Ce qui mettait Voltaire particulièrement en rage, c’était la protection que Rousseau obtenait de certains Grands de ce monde comme Madame d’Épinay, Madame de Luxembourg, et le fait que cet hurluberlu puisse jouir de quelque considération. Mais quand Rousseau perdit cette considération après les publications de L’Émile et du Contrat Social, et qu’il dut s’enfuir de France se réfugiant en Suisse, les choses ne s’arrangèrent pas, bien au contraire. À des divergences philosophiques venait s’ajouter tout à coup une sérieuse brouille politique. Voltaire venait de la bourgeoisie : pour lui le meilleur gouvernement est celui d’un monarque éclairé, ou mieux encore celui d’une élite dont il fait partie. Pour Rousseau, né pauvre, l’idéal c’est l’égalité absolue parce que « les fruits sont à tout le monde et la terre n’est à personne »!
 
Alors là, Voltaire devient complètement hystérique, traitant Rousseau de « bâtard du chien de Diogène », de « gueux qui veut dévaliser les hommes du bien du fruit de leurs efforts », etc. Maintenant Voltaire devient un « anti-Jean­Jacques », n’ayant de cesse de nuire à ce traître « qui a changé de camp »!
 
À tel point que Rousseau, alerté, enverra à Voltaire sa célèbre lettre « Monsieur je vous hais »… datée du 17 juin 1760.
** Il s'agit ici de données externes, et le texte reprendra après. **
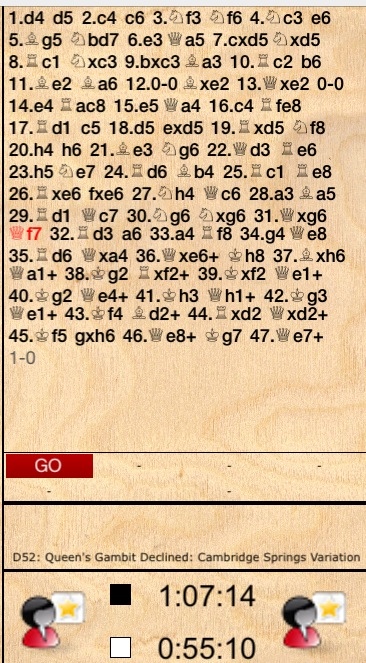 It will be interesting to see what the GM commentators say. There is a risk in blogging too soon that I have missed the point, but Jonathan's tweet reassures me. My suspicion is that 17…c5 will be considered to be a mistake, with 17…Be7 being preferable. Also, after 19 Rd5!! white's bishop hasn't got many squares to go to (it didn't want to go to e3, but had to: on f4 the black knight could biff it, and make it retreat to the even worse square g3). My suspicion is that Shak's Nf8-g6-e7 was the wrong routing for the N, which instead should have gone Nf8-e6, supporting the c5 pawn, so that a7-a6 and b6-b5 stand a chance of releasing the Ba3.

Rousseau voyait en Voltaire son plus grand persécuteur et la main du « grand homme » derrière toutes les manœuvres contre lui. Se trompait-il? Voltaire était de plus en plus exaspéré par « ce polisson de Jean-Jacques » qui voulait faire révolution à Genève et soulever la populace contre ses gouvernants.
 
D’autant que Rousseau dans sa retraite continuait à écrire et notamment ses Lettres de la montagne (1764) dans lesquelles il dénonçait Voltaire comme le véritable auteur du Sermon des cinquante, un pamphlet anonyme et burlesque contre la religion. Le geste de Jean-Jacques n’est pas sans danger pour Voltaire car dans cette époque on ne badinait pas avec l’athéisme, surtout si l’on se réfère au sort du Chevalier de la Barre et de ce pauvre Calas! Or Voltaire était effectivement l’auteur du pamphlet. Il crie à la délation, fait publier une circulaire qu’il fera distribuer à tous ses amis dans laquelle il insulte Rousseau, le traitant de « fou méchant », « qui cache l’âme d’un scélérat sous le manteau de Diogène »… Et Voltaire, en colère, commet alors un nouveau pamphlet anonyme : Sentiment des citoyens! (décembre 1764).
 
Cette brochure en huit pages, qui apprend au monde que le moralisateur Jean-Jacques Rousseau a abandonné ses cinq enfants à l’assistance publique, Voltaire toute sa vie niera en avoir été l’auteur. Il y mit même tant de dénégation, tant d’art à brouiller les pistes que le doute, malgré l’évidence, subsistera jusqu’à sa mort. C’est alors que le propre secrétaire de Voltaire, Wagnière, en 1790, déclarera devant notaire : « Je sousignée, déclare que feu Monsieur de Voltaire, justement irrité des injures que lui avait dites M. Rousseau dans ses Lettres de la Montagne, et par d’autres outrages, s’en vengea par la petite brochure intitulé Sentiments des citoyens! Fait à Ferney-Voltaire, le 3 janvier de 1790 ». Depuis lors et sans discussion possible Sentiments des citoyens fait partie des œuvres complètes de Voltaire et figure dans toutes les éditions.